### Task to complete
Below are entries; repeat exactly, and nothing else, the lines from the one holding "Доставка цветов в" through the one holding "图表 1:自 Truth Terminal 推广以来,GOAT 表现尤为出色", inclusive. Leave the pictures out.
[Opening Record extracts section]
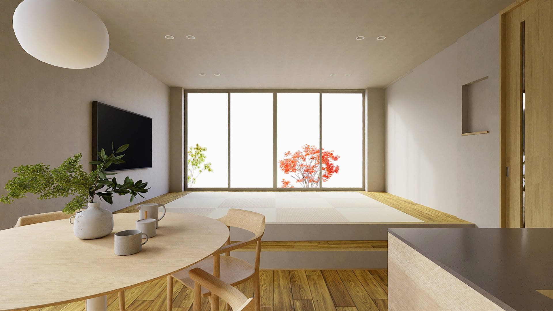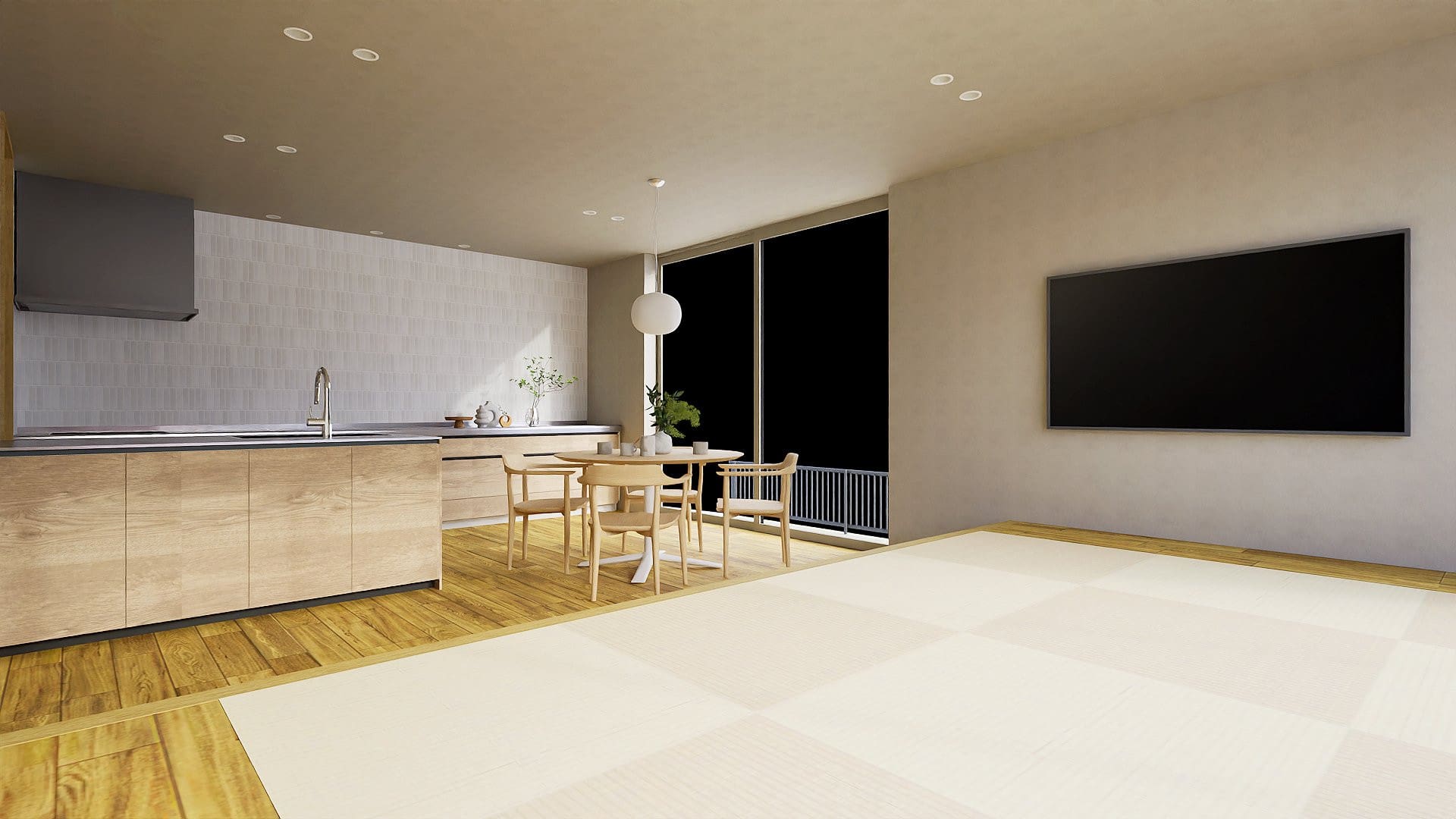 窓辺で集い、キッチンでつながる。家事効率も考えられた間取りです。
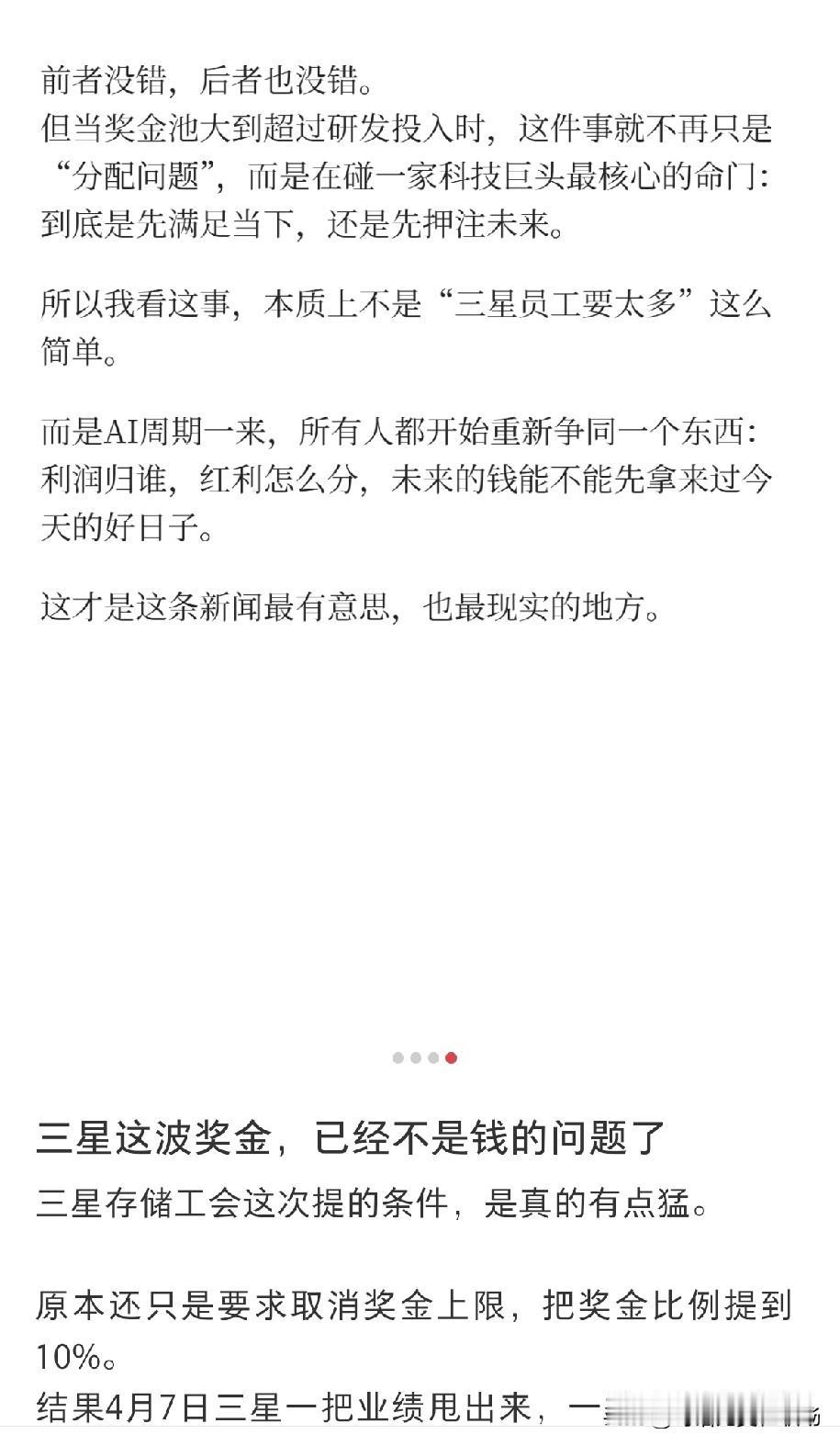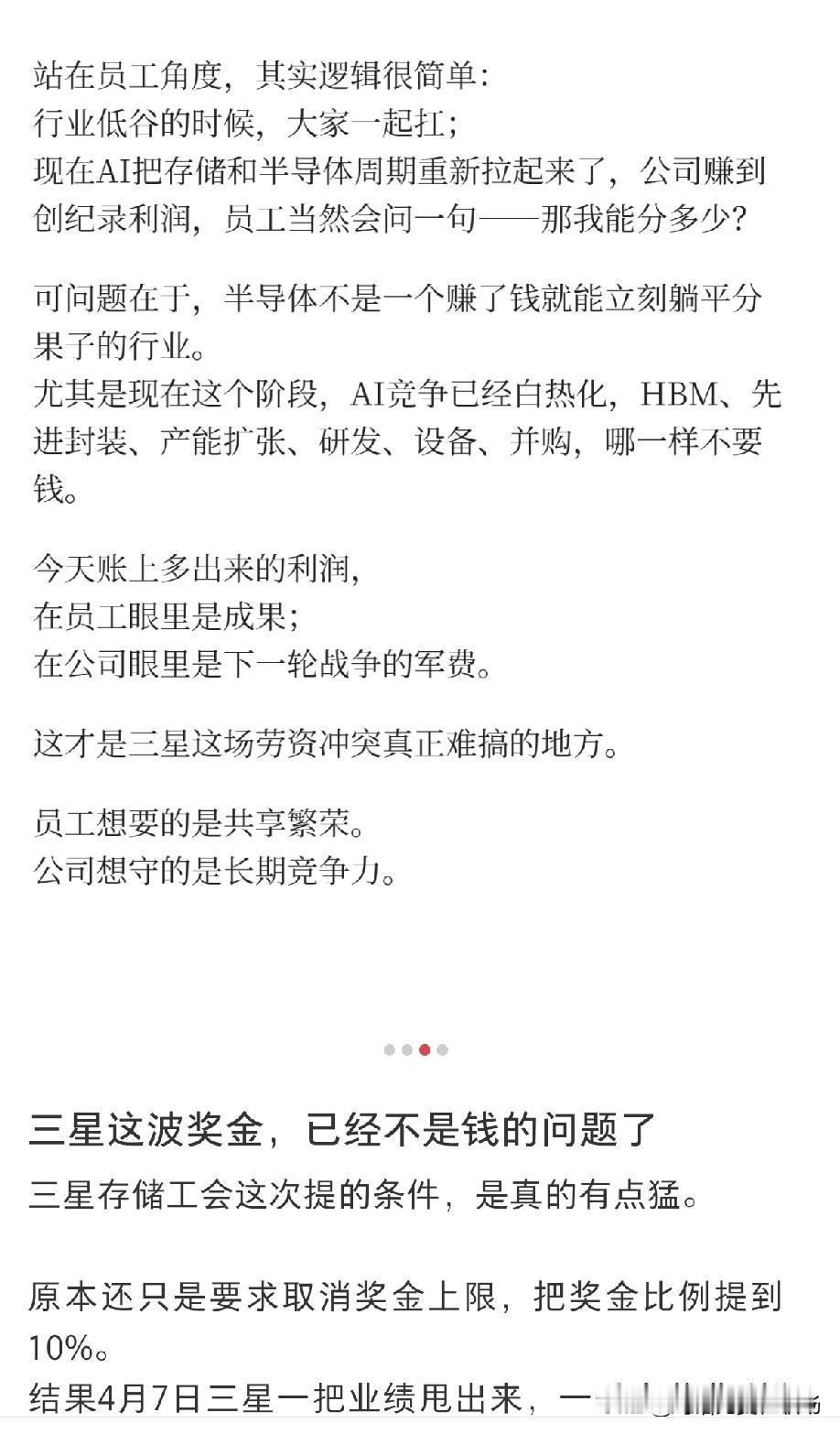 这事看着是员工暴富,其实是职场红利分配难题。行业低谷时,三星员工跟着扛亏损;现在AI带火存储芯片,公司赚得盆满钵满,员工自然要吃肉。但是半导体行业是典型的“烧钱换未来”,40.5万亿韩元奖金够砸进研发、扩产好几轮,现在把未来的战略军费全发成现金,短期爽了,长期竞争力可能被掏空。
[Closing Record extracts section]
[Opening Record extracts section]
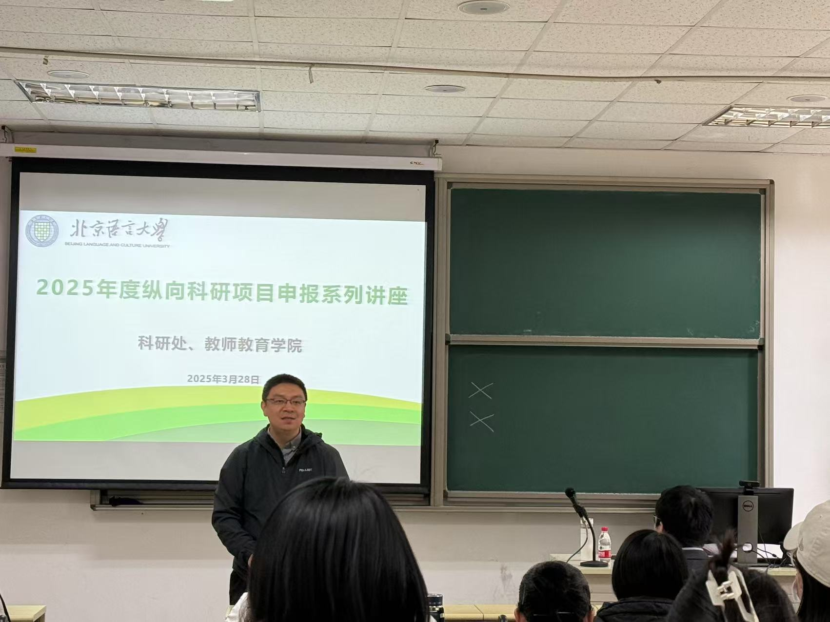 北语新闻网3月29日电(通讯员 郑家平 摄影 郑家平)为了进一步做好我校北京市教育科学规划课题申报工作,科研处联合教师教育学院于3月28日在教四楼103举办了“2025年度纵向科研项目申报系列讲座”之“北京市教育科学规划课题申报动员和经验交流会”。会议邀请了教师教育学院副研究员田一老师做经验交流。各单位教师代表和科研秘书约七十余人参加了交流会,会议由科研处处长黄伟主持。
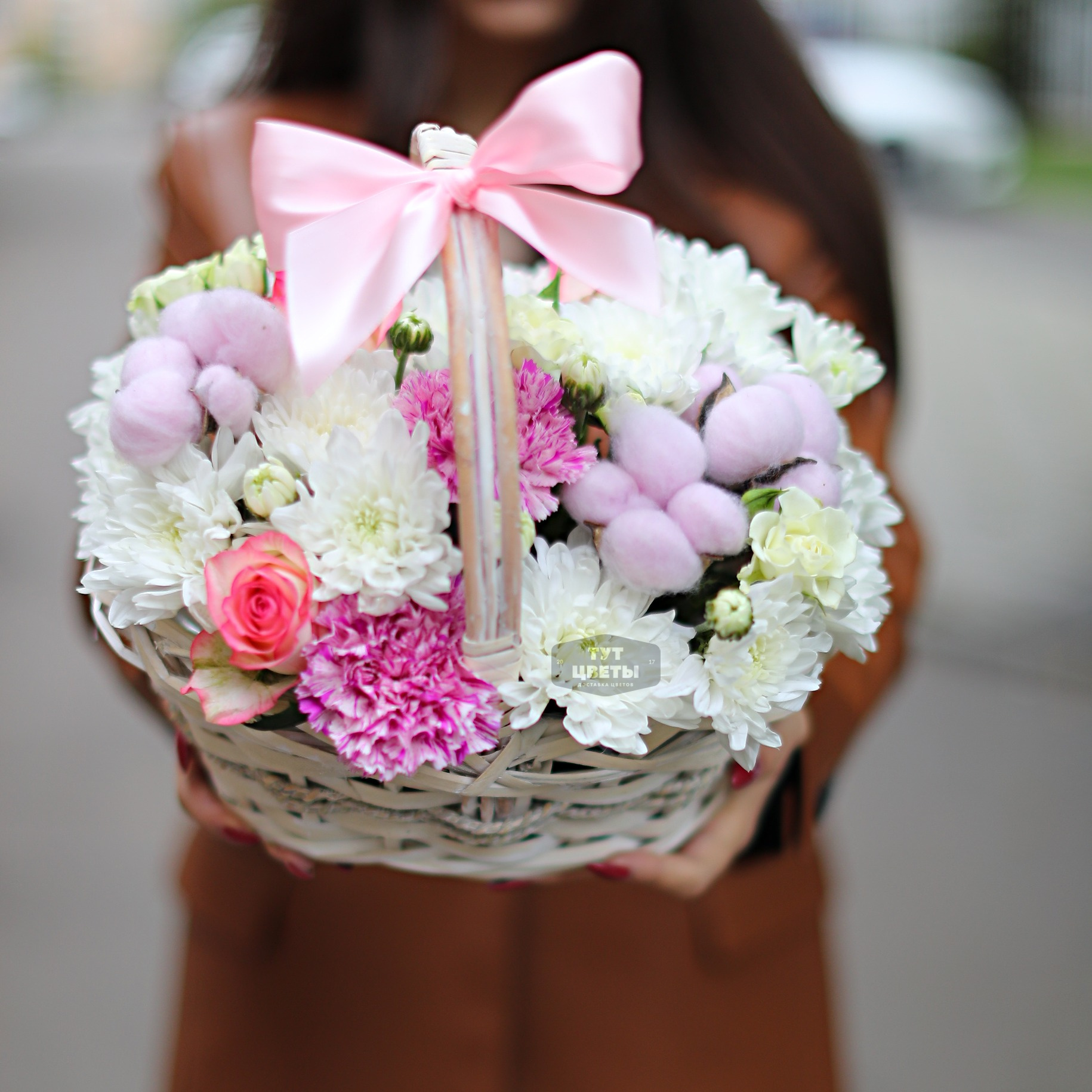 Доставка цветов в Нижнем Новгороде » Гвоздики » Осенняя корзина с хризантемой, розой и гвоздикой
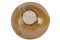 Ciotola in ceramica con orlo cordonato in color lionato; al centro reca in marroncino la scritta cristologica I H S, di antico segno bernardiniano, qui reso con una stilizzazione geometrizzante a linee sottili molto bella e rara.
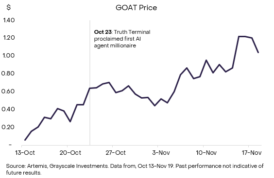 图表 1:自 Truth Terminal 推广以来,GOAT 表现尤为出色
[Closing Record extracts section]
### Response to this task
 Доставка цветов в Нижнем Новгороде » Гвоздики » Осенняя корзина с хризантемой, розой и гвоздикой
 Ciotola in ceramica con orlo cordonato in color lionato; al centro reca in marroncino la scritta cristologica I H S, di antico segno bernardiniano, qui reso con una stilizzazione geometrizzante a linee sottili molto bella e rara.
 图表 1:自 Truth Terminal 推广以来,GOAT 表现尤为出色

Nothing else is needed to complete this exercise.